◆ Information supplied ◆
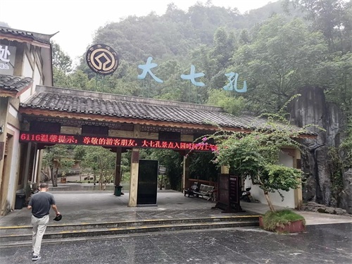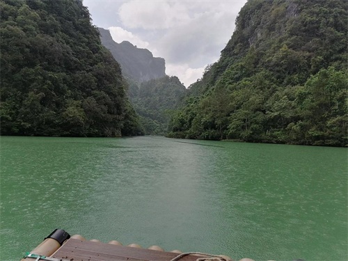 刚进景区就开始下雨,游大七孔本打算步行进入返回坐船,但下雨后打乱了计划决定先坐船进入。
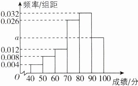 (1)由频率分布直方图中条形图的面积所表示的频率之和为 1 得 $10\times(0.004 + 0.008 + 0.012 + a+0.026 + 0.032)=1$,解得 $a = 0.018$。
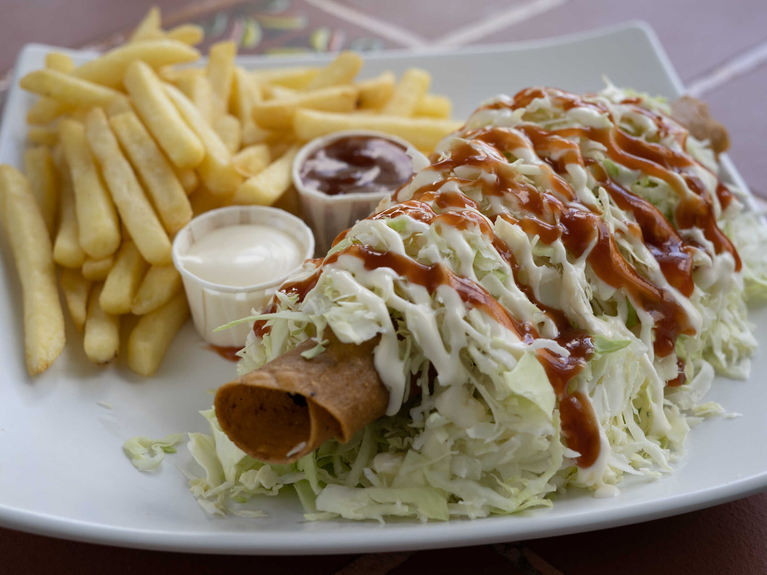 Orden de 4 tacos receta de la casa con repollo y salsa de tomate y mayonesa.
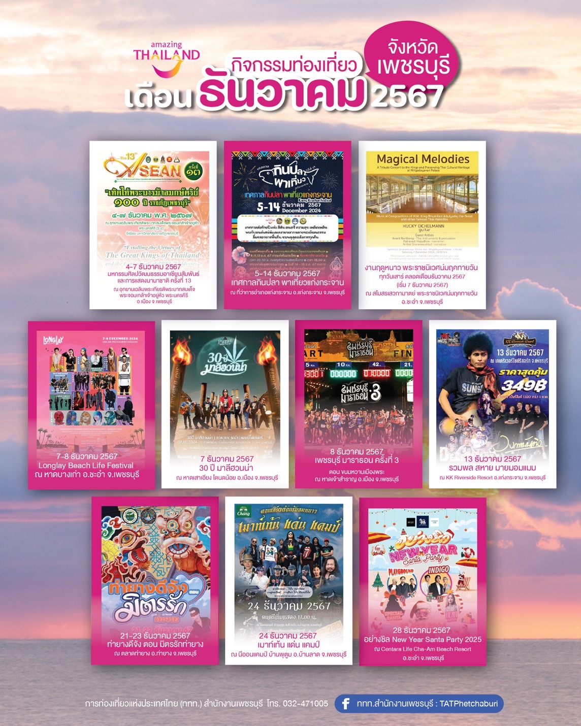 🌸ปฏิทินกิจกรรมท่องเที่ยวจังหวัดเพชรบุรี ประจำเดือน ธันวาคม 2567

◆ Exercise brief ◆
Return all material verbatim, pictures omitted.

◆ Task answer ◆
 刚进景区就开始下雨,游大七孔本打算步行进入返回坐船,但下雨后打乱了计划决定先坐船进入。
 (1)由频率分布直方图中条形图的面积所表示的频率之和为 1 得 $10\times(0.004 + 0.008 + 0.012 + a+0.026 + 0.032)=1$,解得 $a = 0.018$。
 Orden de 4 tacos receta de la casa con repollo y salsa de tomate y mayonesa.
 🌸ปฏิทินกิจกรรมท่องเที่ยวจังหวัดเพชรบุรี ประจำเดือน ธันวาคม 2567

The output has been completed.